Music in the Round has commissioned me (whoop!) and the other three members of Platform 4 to write a new piece for their 2017 May Festival, inspired by famous Russian repertoire. Our new pieces will be performed alongside the works that inspired us at concerts throughout the festival.
My piece will be performed during the lunchtime concert on Monday 8th May at 12.45 at the Crucible Theatre Studio, Sheffield by members of Ensemble 360, the resident ensemble with Music in the Round. The other two pieces in the programme are HAYDN String Quartet Op.33 No.1 and TANEYEV String Trio in E flat Op.31.
As part of the process, and to engage our potential audience (!), we are aiming to document the writing process and offer some insight into the make-up of the pieces we compose. We were recently interviewed by Matt Hunt, the clarinetist with Ensemble 360, who wanted to hear our initial thoughts and to reveal a bit about our writing practices: apparently, people want to know where you work, so I have uploaded a photo of my workspace (below). It’s much nicer than I made it sound! You can listen to the first set of podcasts here by following the link on this page: Music in the Round website: Platform 4 commissions
Interestingly; we were asked to come up with a title for the brochure long before composing began, and I came up with Focus Pull. As I mention in the interview with Matt, my initial concept was the idea of pulling focus on ‘recognisable’ references from both quartets in my programme.
I decided straight away to write for string quartet (instead of trio, for instance), challenging myself to compose a contemporary piece for a traditional line-up. I started by looking through the Haydn and Taneyev pieces, extracting bits I liked the look of (for texture, dialogue, rhythm, melodic contour etc.) and put them on scrapbook pages (see below). One sheet shows a circled melodic fragment taken from the first violin part of the Haydn quartet (3rd movement). I decided to try working with this melodic fragment, treating it like a tone-row (using the pitches in the exact order they appear in the original melody, but with different durations so they are not easily traceable, aurally). So far, this is offering an interesting way of working, and I’m enjoying finding ways to combine this with typical Haydn-like textures (I’ve abandoned Taneyev). The Russian connection is a bit weak, however: Haydn merely dedicated the set of Op.33 quartets to Grand Duke Paul of Russia. They are sometimes referred to as the ‘Russian’ quartets…

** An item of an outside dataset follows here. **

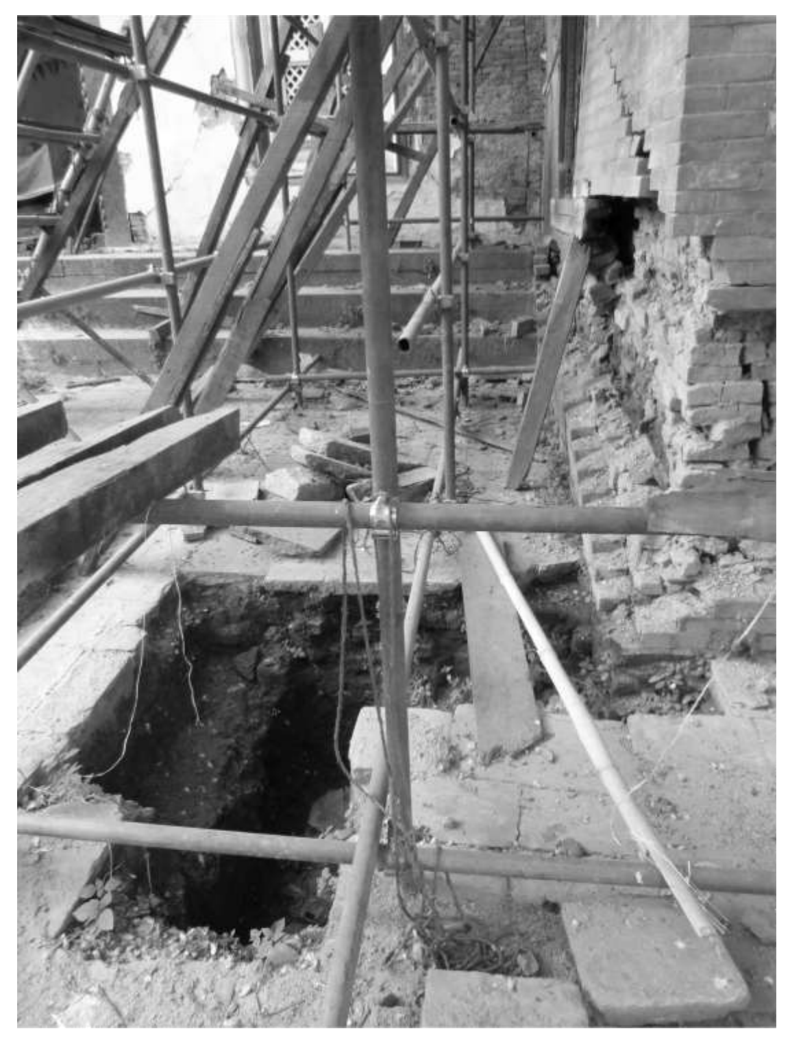
Figure 5: Unrecorded excavation trench cut alongside north facing wall of the Degutale Temple in Hanuman Dhoka Durbar Square. Photographed in October 2015.

I’m still working on the overall structure, however, and trying not to overwhelm a five-minute piece with too much material. I think this is the real challenge: for there to be a connection to a piece written by another composer, but for me to maintain my own compositional voice and write the piece I want to write. Currently, I’m fighting the urge to delete what I’ve done and start again (but how I really intended it to be…). Aargh!